Copying. Papers may be copied in accordance with the library's usual procedures.

Extent

3 folders

This collection contains recipes from the Clarkson-Masters-King family, 1793-1826, including Belinda (Mrs. Matthew) Clarkson's Receipt Book, ca.1793. Clarkson was the daughter of Margaret Stephens and John Smith, Philadelphia, Pennsylvania. This handwritten book of American receipts (recipes) includes food recipes from cakes to curing beef, as well as homemade cures for medical ills, including for rheumatism, worms, cough and consumptive symptoms, etc. According to family tradition, the book was passed around so that family members could add recipes. The volume ended up in France before being returned to Marion Schlefer.
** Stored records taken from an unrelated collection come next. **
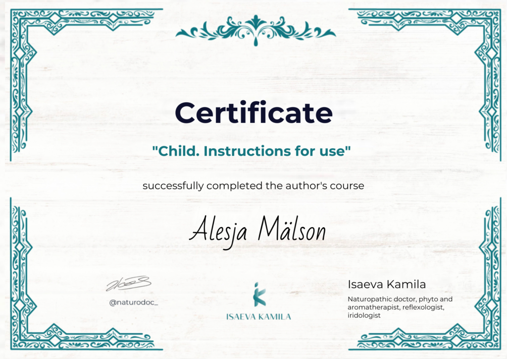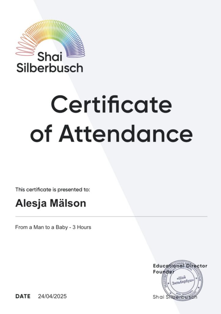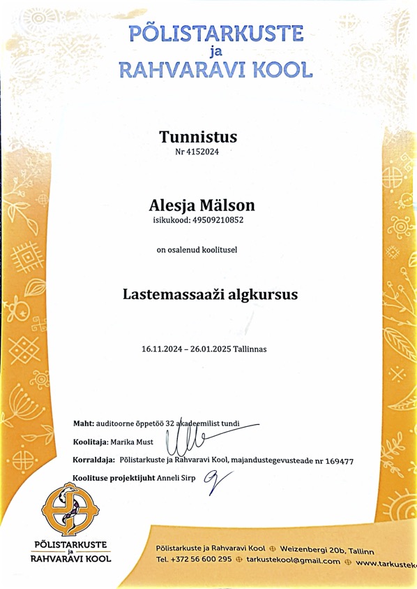 Oma töös kasutan aktiivselt ka teadmisi beebimassaažist. Alates 2026. aastast täiendan oma teadmisi meditsiinivaldkonnas Tallinna Tervishoiu Kõrgkoolis.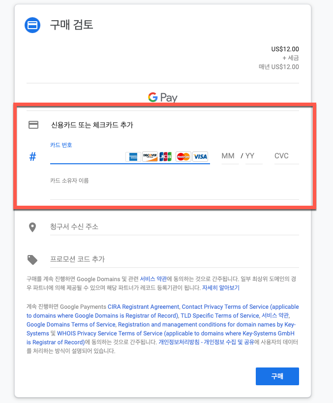 결제하려는 신용카드 번호와 유효일자 그리고 CVC 정보를 입력하는 과정으로 구글에서 도메인 구입 작업이 마무리됩니다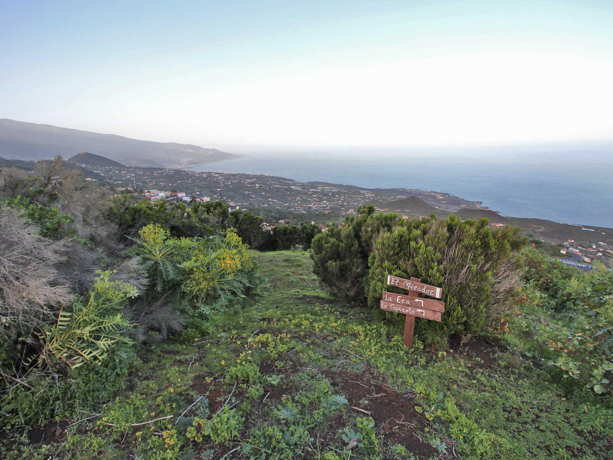 Der private Wanderweg zum Mirador führt steil hinauf zum Gipfel des Hausberges Los Ríos, auf dem sich auch ein Geodaten-Scheitelpunkt des Nationalen Geographischen Instituts befindet.
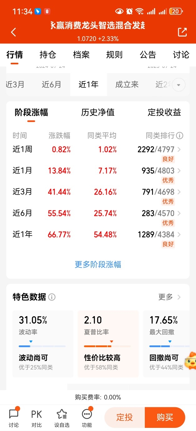 $永赢消费龙头智选混合发起C$最近涨势还不错呢,昨天上涨+2.33%,已经连续四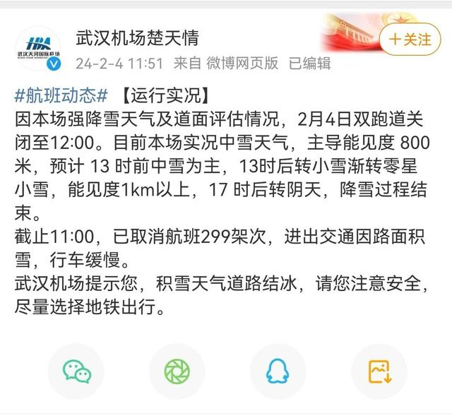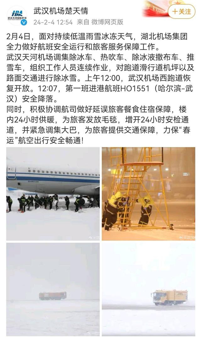 2月4日,武汉机场官方发布消息称,因本场强降雪天气及道面评估情况,2月4日双跑道关闭至12:00。截至10:00,已取消航班278架次。12:00,武汉机场西跑道恢复开放。12:07,第一班进港航班HO1551(哈尔滨-武汉)安全降落。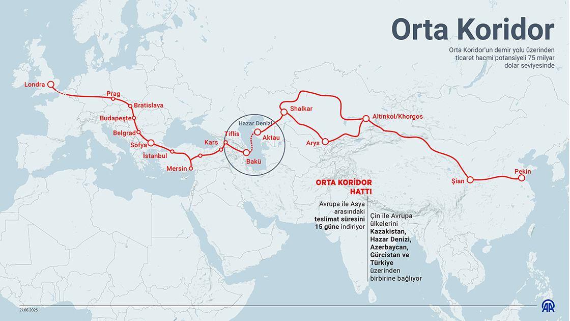 Orta Koridor'un demir yolu üzerinden ticaret hacmi potansiyeli 75 milyar dolar seviyesinde. (Grafik: Bedirhan Demirel/AA)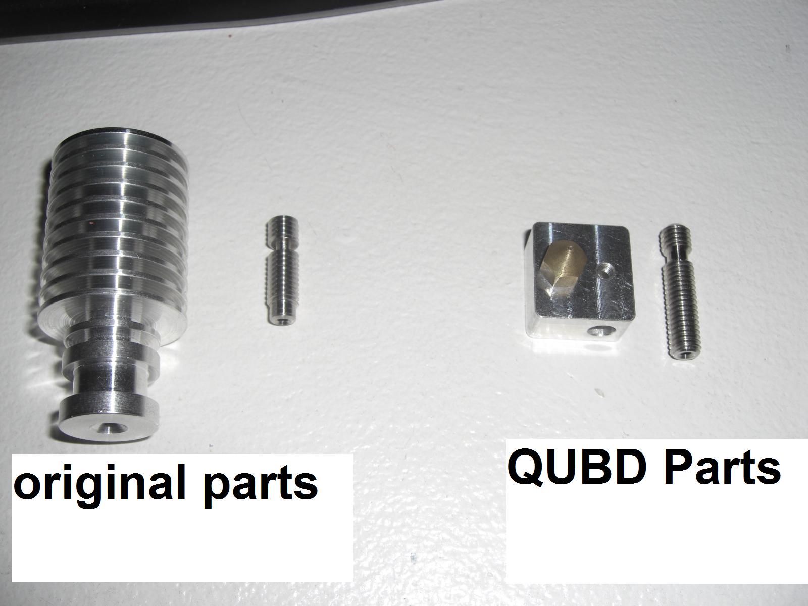 Qubd hotend has a beefier stainless steel tube and longer. Which would allow a larger size fan mount.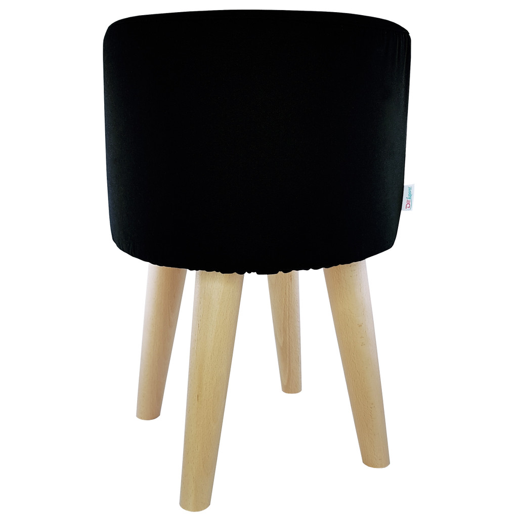 Elegantní černý pouf, sedací stolička. Má dřevěné nohy, pohodlné kulaté sedadlo a odnímatelný, jednobarevný potah v černé barvě. Hodí se do obývacího pokoje, ložnice nebo jiných místností. Můžete si vybrat stoličku nízkou nebo vysokou, nožkami s přírodními nebo bílými.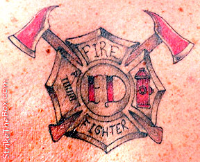Country: United States State: California Fire Dept: OLD SHASTA F.D. Year Started in Fire Service: 1998 Rank: Firefighter (private) Description: My tattoo is a work in progress, I haven't decided what else I'm going to do yet. I volunteer, work as a seasonal fire fighter forest service hand & engine crews, fighting fire is the only thing I'm good at or know & love. Tattoo Location: Top Of Spine Year Inked: 2006 Studio: Electric Chair Artist: Danny |

In addition, the collection contains other family recipes, some from "Mrs. Whetmore," including recipes for sausages, cakes, preserves and pickled fish; as well as a family tree and other genealogical information "written out by Marion King Schlefer (June 2003) based on family lists and family bible." Also included are receipts (recipes) mostly from the John Smith family, Philadelphia, 1790s, which includes recipes for curing beef, pickling meat, calves feet jelly, cakes, puddings, fruit preserves, cheese, etc.; as well as homemade medicinal cures for fever, saltrheum?, rheumatism, etc.

BIOGRAPHY

Marion King Schlefer, a descendant of the Clarkson-Masters-King family, was born February 1923 in Brooklyn Heights, New York and grew up on Long Island, New York. Schlefer graduated from Putney School (1941) and Swarthmore College (1945). Later she attended the Harvard Graduate School of Design and received a master's degree from American University. She and her husband Mark Schlefer moved to Washington, D.C., in 1951. They had one son, Jonathan and two daughters, Ellen and Kate.
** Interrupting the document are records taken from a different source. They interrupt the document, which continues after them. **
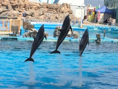 そんなに派手ではないですが、数種類のイルカがそれぞれショーを行ないます。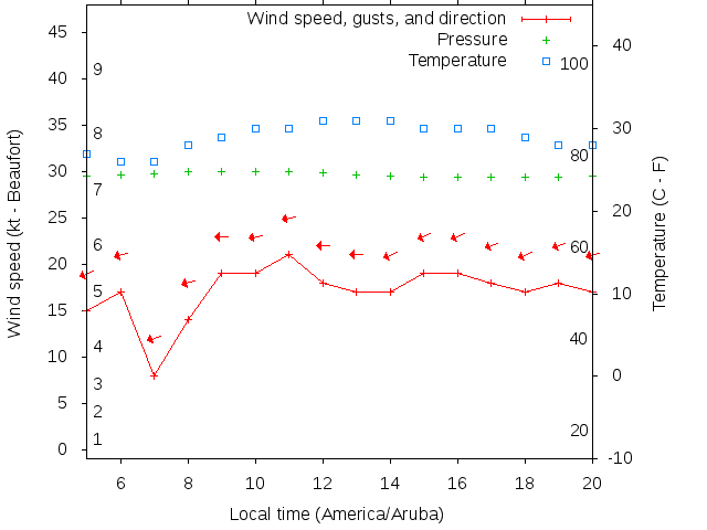 Dawn after 5:00; dusk before 20:00 local time (America/Aruba).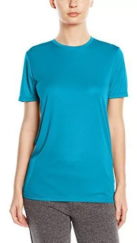 A kék póló "Cool-Dry" tulajdonsággal rendelkezik, avagy a poliészternek köszönhetően kiváló nedvességelvezető és gyorsan száradó. Ezek a tulajdonságok sportolás vagy nehéz fizikai munka esetén roppant hasznosak, hiszen a női póló nem nedves az izzadtságtól, ezáltal nem hűti mellkasunkat, hátunkat.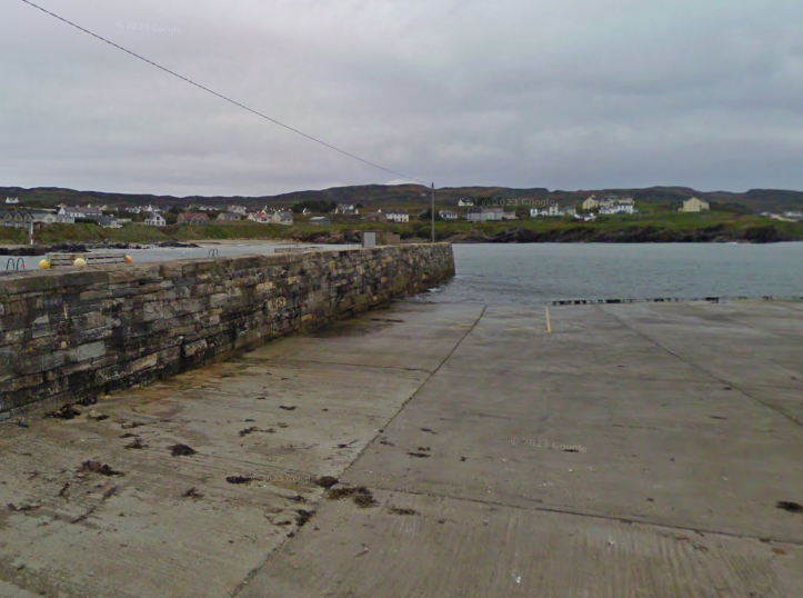 Cars parked on Portnablagh Pier caught by the incoming tide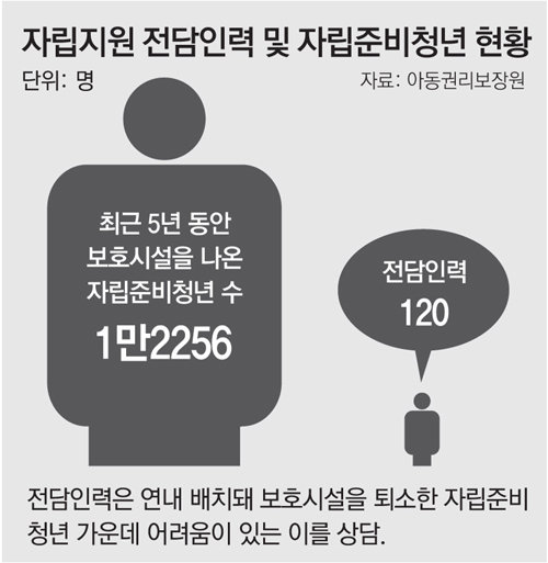 정부가 자립을 돕는 전담요원을 두고 있긴 해도 전국적으로 300명뿐입니다. 퇴소자가 해마다 2500명씩 나오는데 말입니다. 이 때문에 지자체에서 정착 지원금을 800만 원으로 올리고 지원 전담 인력을 120명 더 뽑는 방안을 추진 중이라고 하지만 실질적인 대책이 되지는 못합니다. 자립준비청년들이 심리적으로 정서적으로 믿고 의지하면서 삶의 중요한 결정을 상의할 수 있는 인력이 절대적으로 부족한 게 가장 큰 문제라고 전문가들은 지적합니다.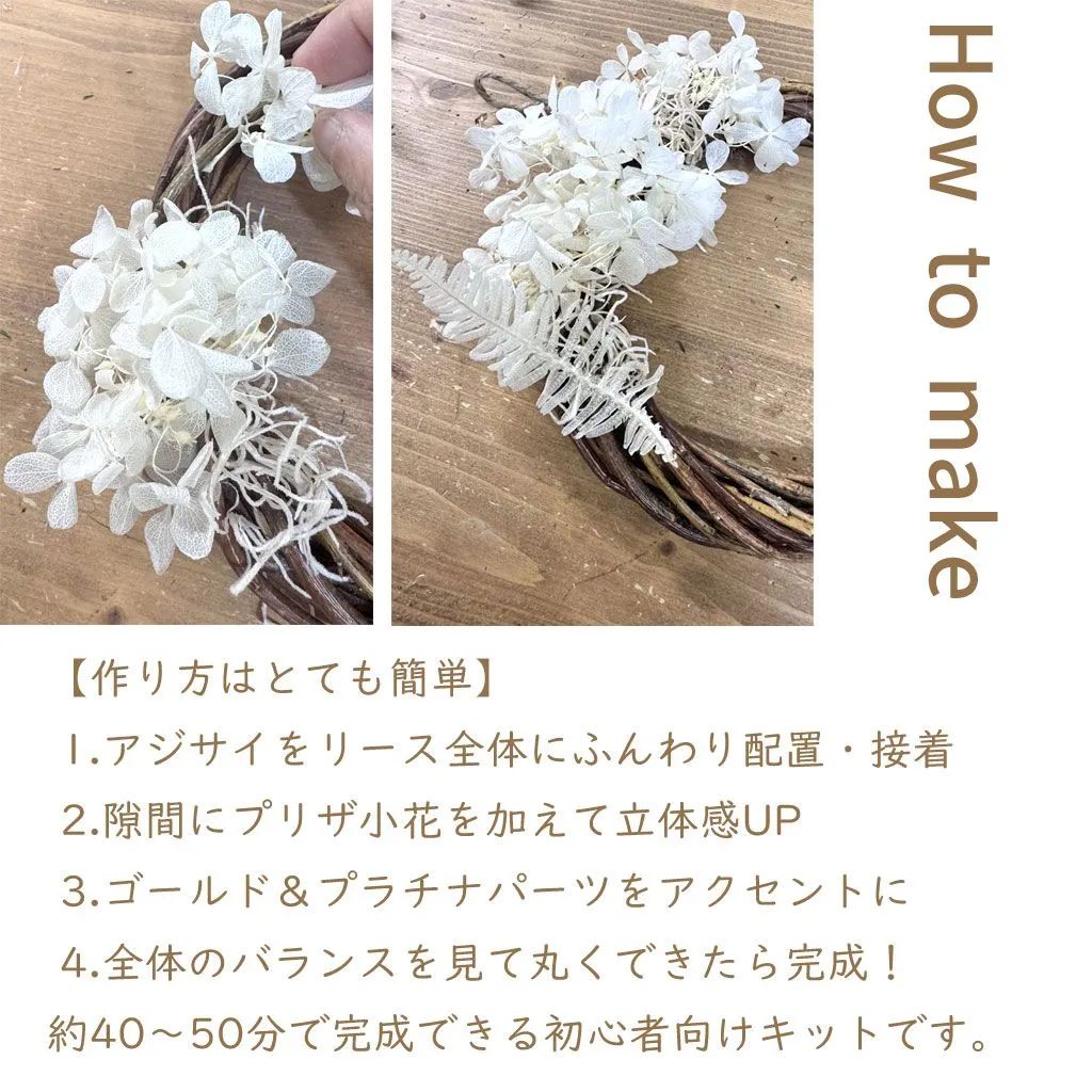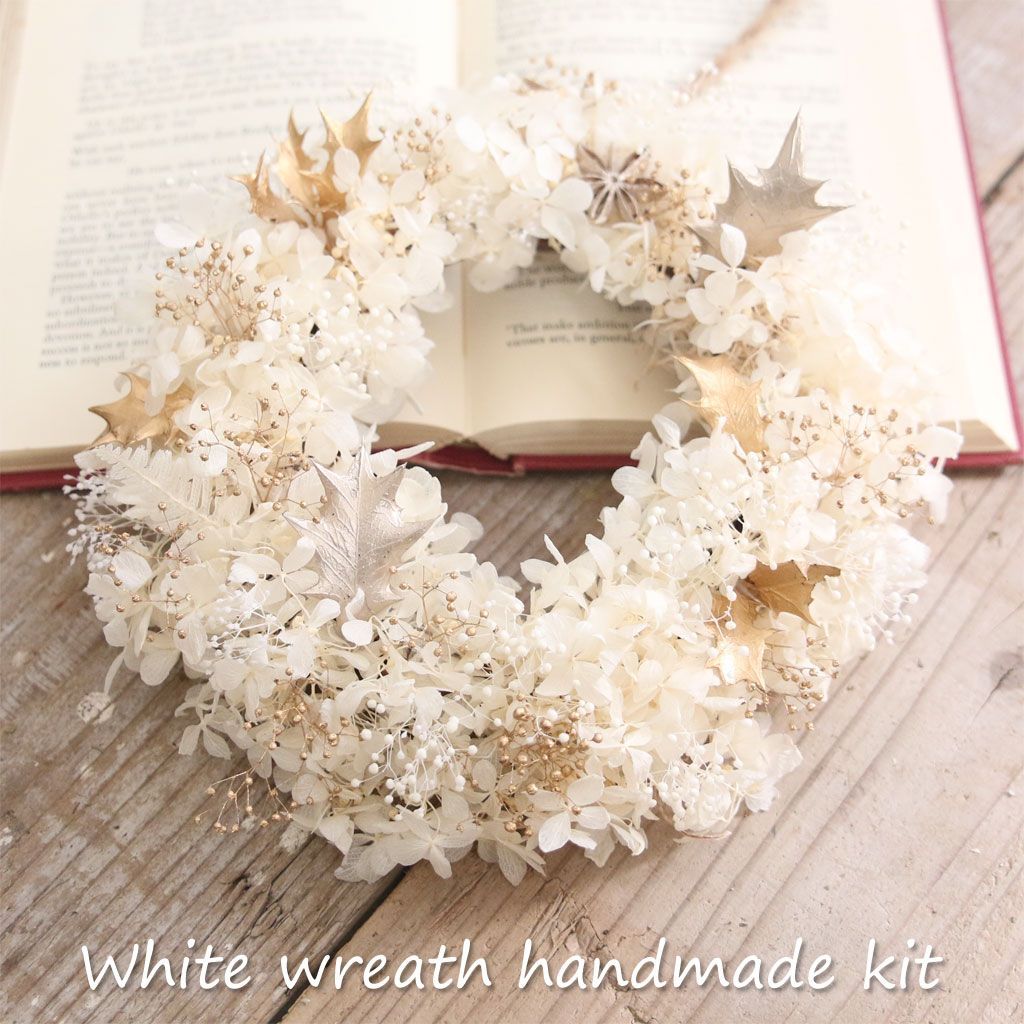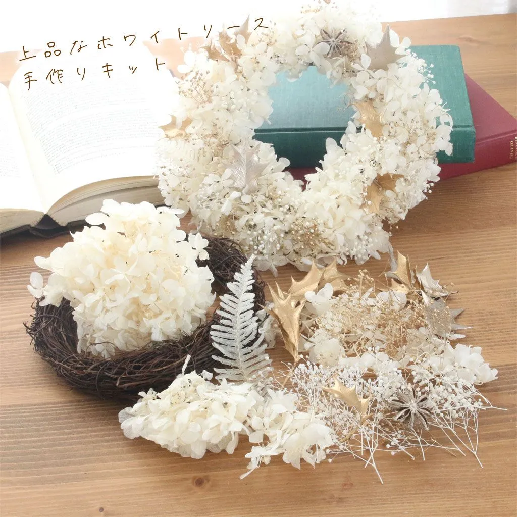 【手作りキット】 ホワイトリース アジサイ プリザーブドフラワー 白 ナチュラル シンプル クリスマス

Schlefer's professional interests were in urban planning and architecture and while living in Washington she was a member of the D.C. Board of Commissioners' Planning and Urban Renewal Advisory Council. Among her professional activities, she worked as an analyst specializing in planning for the Congressional Research Service of the Library of Congress and published studies on housing and urban planning. The Schlefers moved to Putney, Vermont in 2005. Schlefer died on January 17, 2015.
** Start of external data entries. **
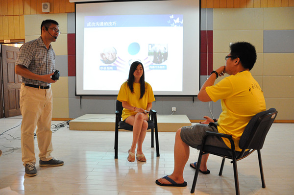 讲座伊始,毛老师进行了一个人际交往小实验,他从营员们当中挑选了3对互相比较不熟悉的营员,让他们扮演第一次见面的两个陌生人,保持一段5分钟的对话不中断。实验的结果出乎营员们的预料,没有一组能够成功完成对话,这让营员们不禁对接下来的课程内容充满了期待。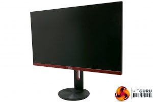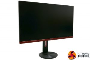Also helping is the overall styling. While there are “gamer” centric flashes in the red chin bezel and cable routing hole in the stand, the darker metallic tone remains understated. Silver might have been an even better choice but the red adds a touch of interest.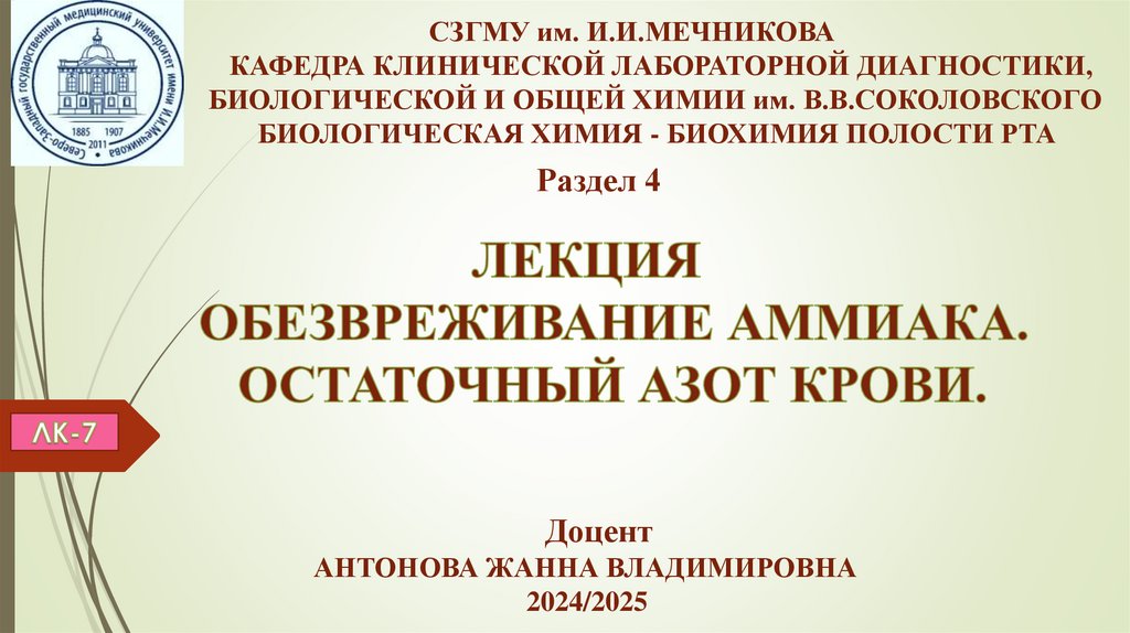 1. СЗГМУ им. И.И.МЕЧНИКОВА КАФЕДРА КЛИНИЧЕСКОЙ ЛАБОРАТОРНОЙ ДИАГНОСТИКИ, БИОЛОГИЧЕСКОЙ И ОБЩЕЙ ХИМИИ им. В.В.СОКОЛОВСКОГО

Immediate Source of Acquisition

Accession number: 2003-M134

The recipe collection of Marion King Schlefer was given to the Schlesinger Library, October 2003.

Processing Information

Processed: November 2003

By: Anne Engelhart.

Updated and additional description added: June 2020

By: Laura Peimer.

The Schlesinger Library attempts to provide a basic level of preservation and access for all collections, and does more extensive processing of higher priority collections as time and resources permit.  Finding aids may be updated periodically to account for new acquisitions to the collection and/or revisions in arrangement and description.

Author
Arthur and Elizabeth Schlesinger Library on the History of Women in America
Language of description
eng
Sponsor
Processing of this collection was made possible by Radcliffe Class of 1956 and the Mary Mitchell Wood Manuscript Processing Fund.
EAD ID
sch01871

Repository Details

Part of the Schlesinger Library, Radcliffe Institute Repository

The preeminent research library on the history of women in the United States, the Schlesinger Library documents women's lives from the past and present for the future. In addition to its traditional strengths in the history of feminisms, women’s health, and women’s activism, the Schlesinger collections document the intersectional workings of race and ethnicity, gender, sexuality, and class in American history.